[Entries taken from a collection]
"""
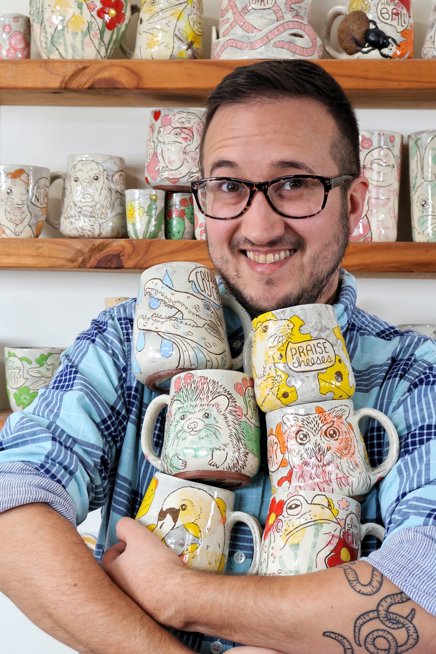 Hello and welcome! I'm Milo Berezin, a ceramic artist in Pittsburgh, Pennsylvania. My ceramics are all hand-built and individually decorated with underglaze and slip. I'm a full-time parent and a part-time artist, and I live with my husband, kiddo, and way too many critters.
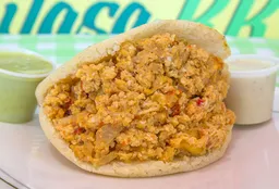 Arepa rellena con huevos pericos tomate y cebolla
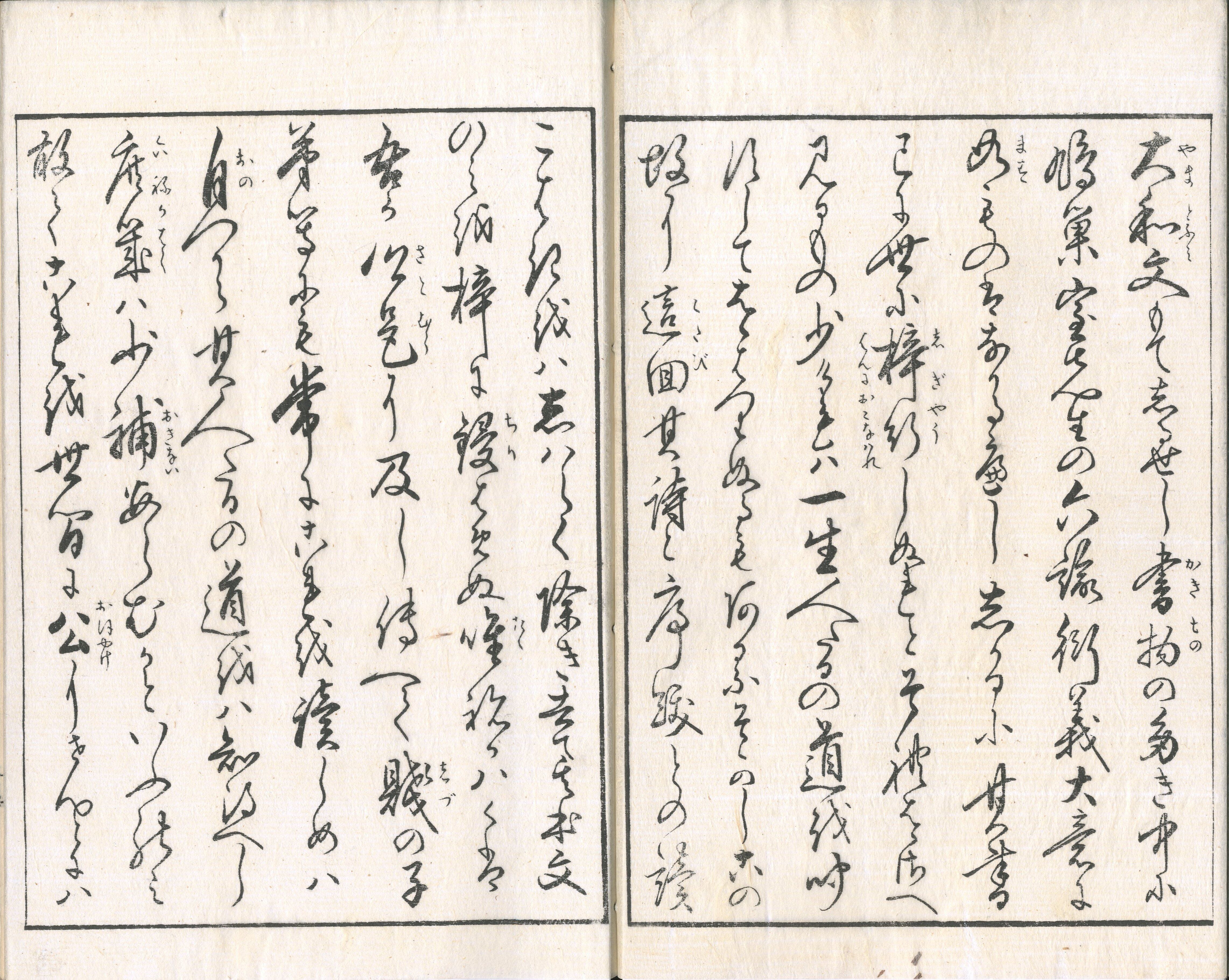 【備考】分類「往来物」。同板別本も抄録した。本書は、奥州白石の農夫、菊地某(石津屋重郎左衛門・静情堂)が自ら上梓した私家版・施印の『六諭衍義大意』。跋文によると、天保年間の初め頃に『六諭衍義大意』の上梓を志したという。その様子を「『六諭衍義』を梓にのぼせ、普く世に施して童子等に忠孝の道を教へんとする事既に七年におよびぬ」と記す。しかしながら、独力では広大な陸奥国に行き渡らせることは困難なので、まずは刈田(カッタ)郡(現在の宮城県白石市・蔵王町・七ヶ宿町)に各村10冊ずつ配布し、その他の郡にも速やかに送る旨を伝えたが、もし私の志を助けようという人がいたらぜひ協力して欲しいと訴えている。『六諭衍義大意』は、享保6年刊『〈官刻〉六諭衍義』とともに将軍・吉宗の命によって庶民教化用に編まれた官刻の往来物。享保6年板は荻生徂徠が程順則本『六諭衍義』(『六諭』は、明の太祖・洪武帝が洪武31年(1398)に発布した『教民傍文』41カ条中の「自治章程」の1条で、「孝順父母」「尊敬長上」「和睦郷里」「教訓子弟」「各安生理」「母作非為」の6項に及ぶ庶民の生活心得)に訓点を施しただけのものであったが、さらに平易な仮名書きの教訓書として編まれたのが『六諭衍義大意』である。『六諭衍義』のうち当代の実情に合わない「律例(法度の箇条)」と「古人の事跡」を省いて、その「大略をとりて、和語をもて、是をやはらけ」たと編集の経緯を示す鳩巣の自序(享保7年2月)および自跋と「大意」本文のみで、『〈官刻〉六諭衍義』に収録された竺天植序、范鋐序、范鋐跋、程順則跋などは全て省かれた。
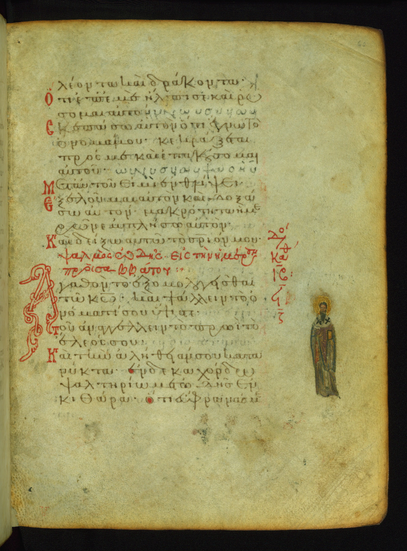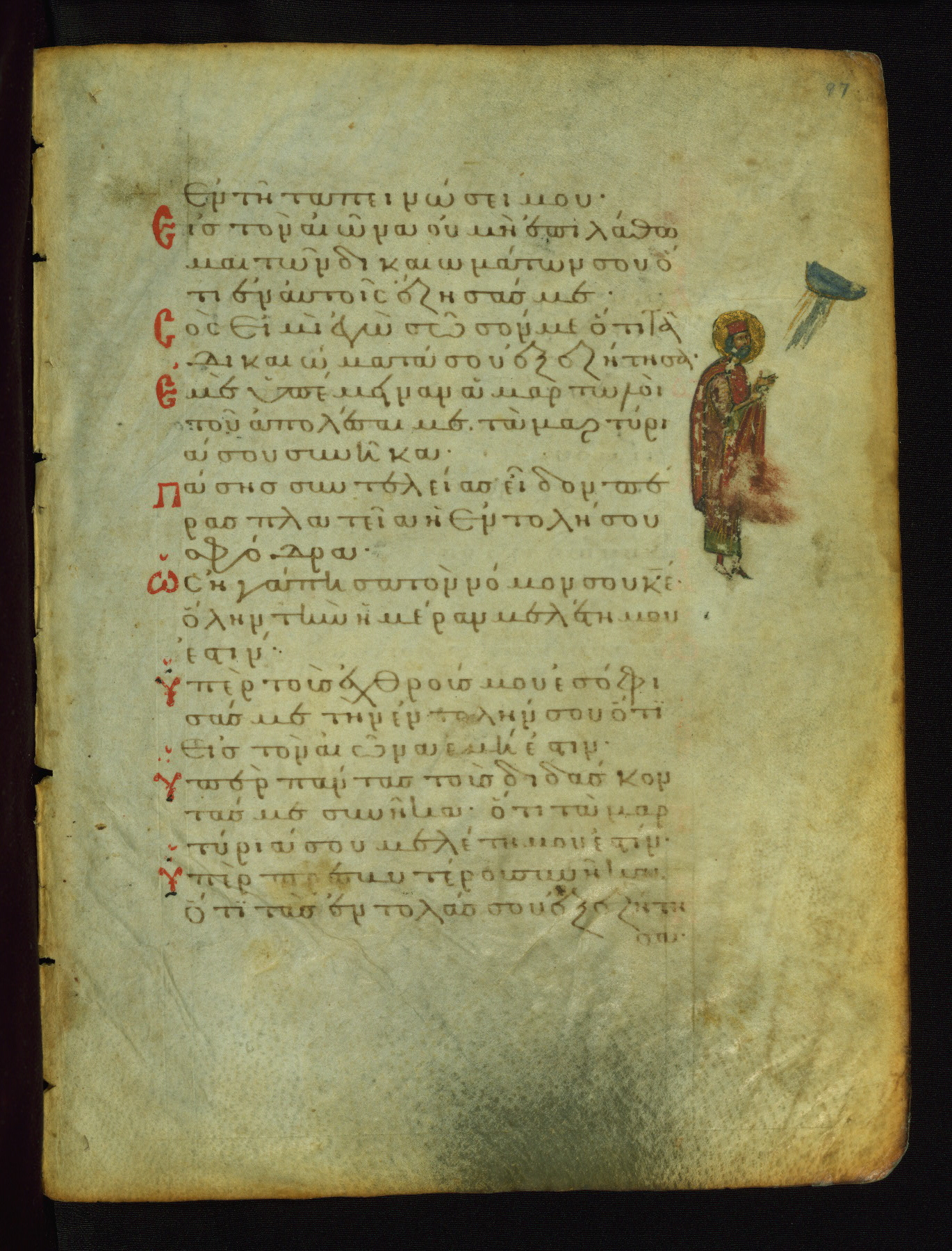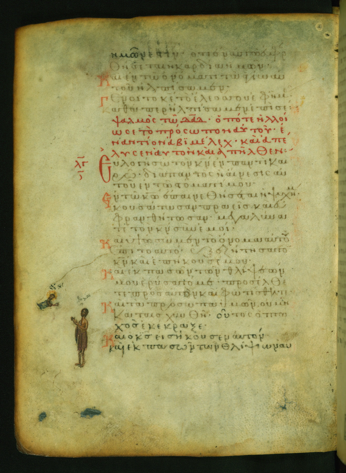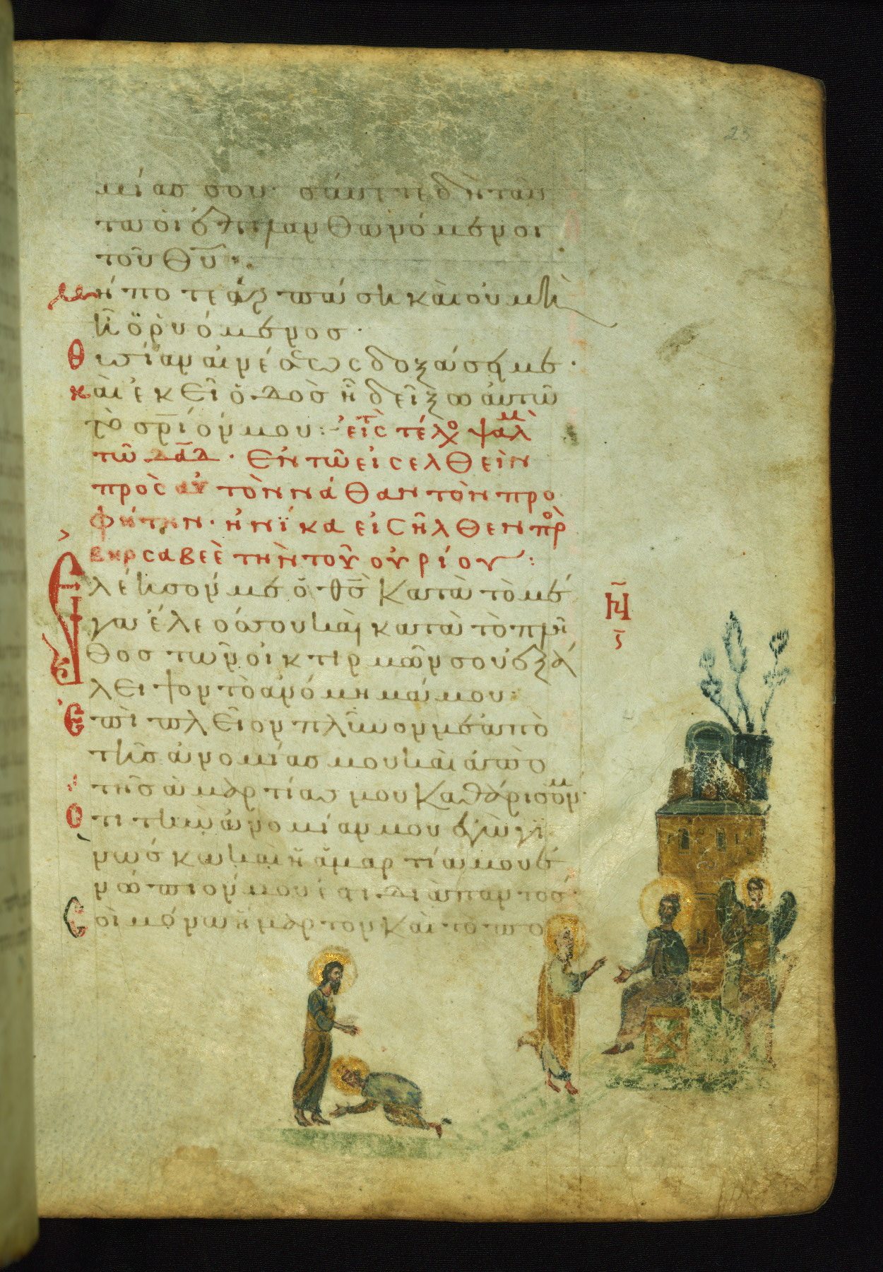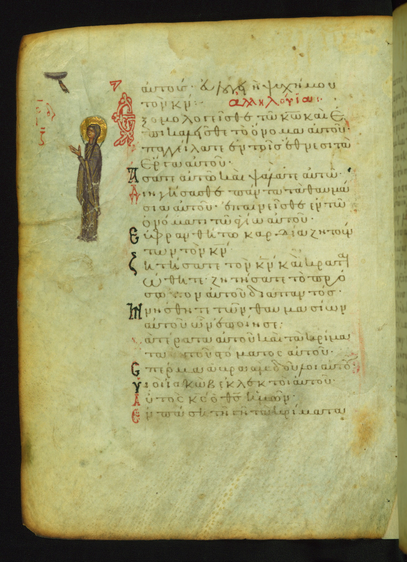 The lower of these two scenes illustrates the verse (marked with red dots) "But as for me, I hoped in the Lord; I will rejoice and be glad in your mercy, because you looked upon my humiliation." A saint clad in bishop's garments in shown raising his hands in prayer toward Christ. The medallion in which God is portrayed symbolically represents Heaven. A similar scene is repeated above, possibly with reference to the verse "so that my glory may make music to you" (NETS).
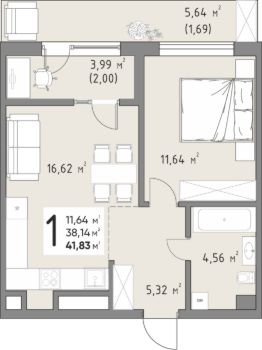 Продается 1-комнатная квартира площадью 41,83 кв. м на 3 этаже в новом современном клубном квартале от строительной компании "КОНТИНЕНТ ГРУПП".
"""
PROBLEM TO WORK ON — Transcribe the records above exactly, leaving out every picture.

SOLUTION TO THE EXERCISE —
 Hello and welcome! I'm Milo Berezin, a ceramic artist in Pittsburgh, Pennsylvania. My ceramics are all hand-built and individually decorated with underglaze and slip. I'm a full-time parent and a part-time artist, and I live with my husband, kiddo, and way too many critters.
 Arepa rellena con huevos pericos tomate y cebolla
 【備考】分類「往来物」。同板別本も抄録した。本書は、奥州白石の農夫、菊地某(石津屋重郎左衛門・静情堂)が自ら上梓した私家版・施印の『六諭衍義大意』。跋文によると、天保年間の初め頃に『六諭衍義大意』の上梓を志したという。その様子を「『六諭衍義』を梓にのぼせ、普く世に施して童子等に忠孝の道を教へんとする事既に七年におよびぬ」と記す。しかしながら、独力では広大な陸奥国に行き渡らせることは困難なので、まずは刈田(カッタ)郡(現在の宮城県白石市・蔵王町・七ヶ宿町)に各村10冊ずつ配布し、その他の郡にも速やかに送る旨を伝えたが、もし私の志を助けようという人がいたらぜひ協力して欲しいと訴えている。『六諭衍義大意』は、享保6年刊『〈官刻〉六諭衍義』とともに将軍・吉宗の命によって庶民教化用に編まれた官刻の往来物。享保6年板は荻生徂徠が程順則本『六諭衍義』(『六諭』は、明の太祖・洪武帝が洪武31年(1398)に発布した『教民傍文』41カ条中の「自治章程」の1条で、「孝順父母」「尊敬長上」「和睦郷里」「教訓子弟」「各安生理」「母作非為」の6項に及ぶ庶民の生活心得)に訓点を施しただけのものであったが、さらに平易な仮名書きの教訓書として編まれたのが『六諭衍義大意』である。『六諭衍義』のうち当代の実情に合わない「律例(法度の箇条)」と「古人の事跡」を省いて、その「大略をとりて、和語をもて、是をやはらけ」たと編集の経緯を示す鳩巣の自序(享保7年2月)および自跋と「大意」本文のみで、『〈官刻〉六諭衍義』に収録された竺天植序、范鋐序、范鋐跋、程順則跋などは全て省かれた。
 The lower of these two scenes illustrates the verse (marked with red dots) "But as for me, I hoped in the Lord; I will rejoice and be glad in your mercy, because you looked upon my humiliation." A saint clad in bishop's garments in shown raising his hands in prayer toward Christ. The medallion in which God is portrayed symbolically represents Heaven. A similar scene is repeated above, possibly with reference to the verse "so that my glory may make music to you" (NETS).
 Продается 1-комнатная квартира площадью 41,83 кв. м на 3 этаже в новом современном клубном квартале от строительной компании "КОНТИНЕНТ ГРУПП".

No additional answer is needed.